Since the typical observation time for these instruments is 30 minutes, the team knew that moving asteroids would show up in the images as trails. But such sequences can be difficult for automated computer systems to detect, making the team’s efforts especially valuable.
“Due to the orbit and motion of Hubble itself, the streaks appear curved in the images, making it difficult to classify asteroid trails – or rather, it’s hard to tell a computer how to detect them. automatically,” Kruk said. “So we needed volunteers to perform an initial classification, which we then used to train a machine learning algorithm.”
For the project, 11,482 citizen science volunteers scoured those thousands of images for the footage. Through their efforts, they made 1,488 attempts to identify asteroids in about 1% of the images provided by Hubble, according to the release. With the citizen scientists’ classifications, the astronomers leading the study trained an automated machine-learning algorithm to look for additional asteroid trails in the data that might have been missed. The algorithm added about 900 detections to the batch, which now totaled 2,487 possible asteroids.
This total was later reduced by Kruk and the other authors of the study, astronomers Pablo García Martín of the Autonomous University of Madrid and Marcel Popescu of the Institute of Astronomy of the Romanian Academy. The three scientists inspected the images further, detecting streaks and ruling out cosmic rays or other non-asteroid objects that might have created them. This reduced the number of images with asteroids, resulting in a final total of 1,701 asteroid trails from 1,316 Hubble images.
About a third of the confirmed tracks have further been identified as known asteroids listed in the Center of minor planetsthe database of solar system objects. Two-thirds of the contrails remain unidentified, although even identified asteroids will require further observation, the statement said.
So far, researchers know that the asteroids identified “are consistently fainter and therefore likely smaller than typical asteroids detected from the ground, with similar velocity and distribution across the sky as known asteroids in the so-called main belt”. statement reads.

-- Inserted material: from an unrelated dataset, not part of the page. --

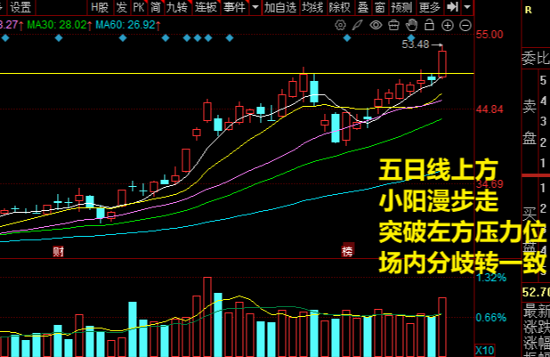 三花智控:人形机器人和汽车热管理。三花作为机器人的龙头近期一直受到市场青睐,前期价格小阳漫步走,沿着五日线向上,走的非常稳,住力控盘力度很强,今天下午在盯盘的过程中,看到大量的异动买入量,谷价突破前期左方高点压力位的时候,谷价在加速上涨,果断出手追了,今天收了一根放量大阳线,形成标准的N字攻击结构,短期大概率还有向上加速的行情。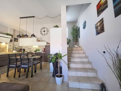 Access to the property, shared with only one other unit, guarantees privacy and tranquility. A comfortable staircase leads to the second and final floor, opening up to a world of light and design.

The team aims to follow up on the new study by using the shape of asteroid contrails to try to determine how far space rocks are from Earth and derive information about their orbits.
“Asteroids are remnants of the formation of our solar system, which means we can learn more about the birth conditions of our planets,” Kruk said. “Using such a combination of human and artificial intelligence to sift through large amounts of data is a game-changer and we will also use these techniques for other future investigations, such as with the EUCLID telescope.”
The EUCLID telescope, which will be launched next year if all goes well, is a European observatory designed to study dark matter and dark energy in the universe. However, scientists estimate it will also spot 150,000 objects in the solar system, the statement said.